Olivia might stay home and take care of him in his last years, but not
Victoria. They both knew she didn't have it in her. Or at least Olivia
knew it, she wondered if Victoria hadn't figured that out yet.

Could she really believe that she would be happy at home with him in
Croton? Not likely.

"I didn't say that. But maybe I'll go to live in Europe one day, when
we're older. Actually, I think I'd like living in England." The cause of
women's freedom was a lot more developed there, though it was not any
better received than in New York, or elsewhere in the United States. In
the past few months alone, at least half a dozen major suffragettes had
been arrested and sent to prison in England.

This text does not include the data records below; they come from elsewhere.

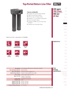 Flow Rating: Up to 200 gpm (760 L/min) for 150 SUS (32 cSt) fluids Filter MRT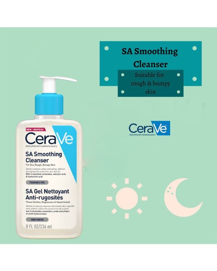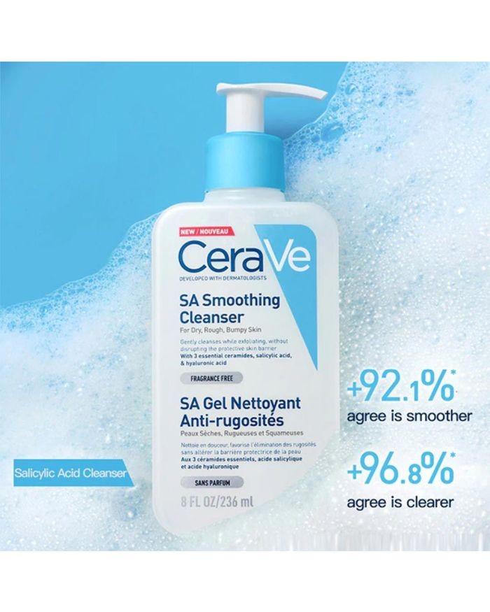 damaging its natural barrier. CeraVe SA Smoothing Cleanser helps to protect the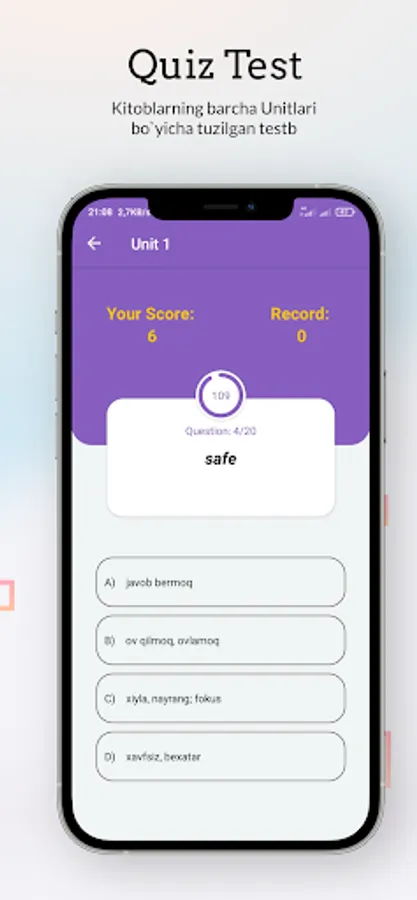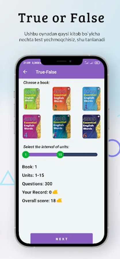 Essential Book & Game ilovasi "4000 Essential Words" kitoblarining barchasi, Kitob ichidagi So`zlarning o`zbek tilidagi tarjimasi hamda shu so`zlar yuzasidan testlar to`plami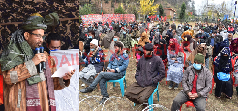 Union Minister Mukhtar Abass Naqvi addressing the party workers at TRC Kupwara on Thursday. —Excelsior/Aabid Nabi

But Olivia was surprised by the things Victoria had said, particularly
about never getting married, and living in Europe. It all sounded so
foreign, and so strange, to Olivia, and it reminded her again of how
different they were. In spite of the similar instincts they sometimes
shared, and their apparent similarities, there were some enormous
differences between them.

"Maybe you should marry Charles Dawson, " Victoria was teasing her by
then, as they both began dressing for dinner with Bertie. "Since you
think he's so sweet. Maybe you'd like being married to him, " Victoria
said, as she did up the slide fastener on the back of Olivia's dress,
and then turned around to have hers done in turn. It was a new invention
that had just come into fashion that year, and it was incredibly easy,
and a vast improvement over rows of tiny buttons that tangled one's
fingers.

"Don't be stupid, " Olivia said of her sister's comment about Charles
Dawson. "I've only met him twice in my life, " Olivia said quietly.

"But you like him. Don't lie to me. I can see it."

"All right, so I like him. So what? He's intelligent and pleasant to
talk to, and terribly useful when my sister winds up in jail.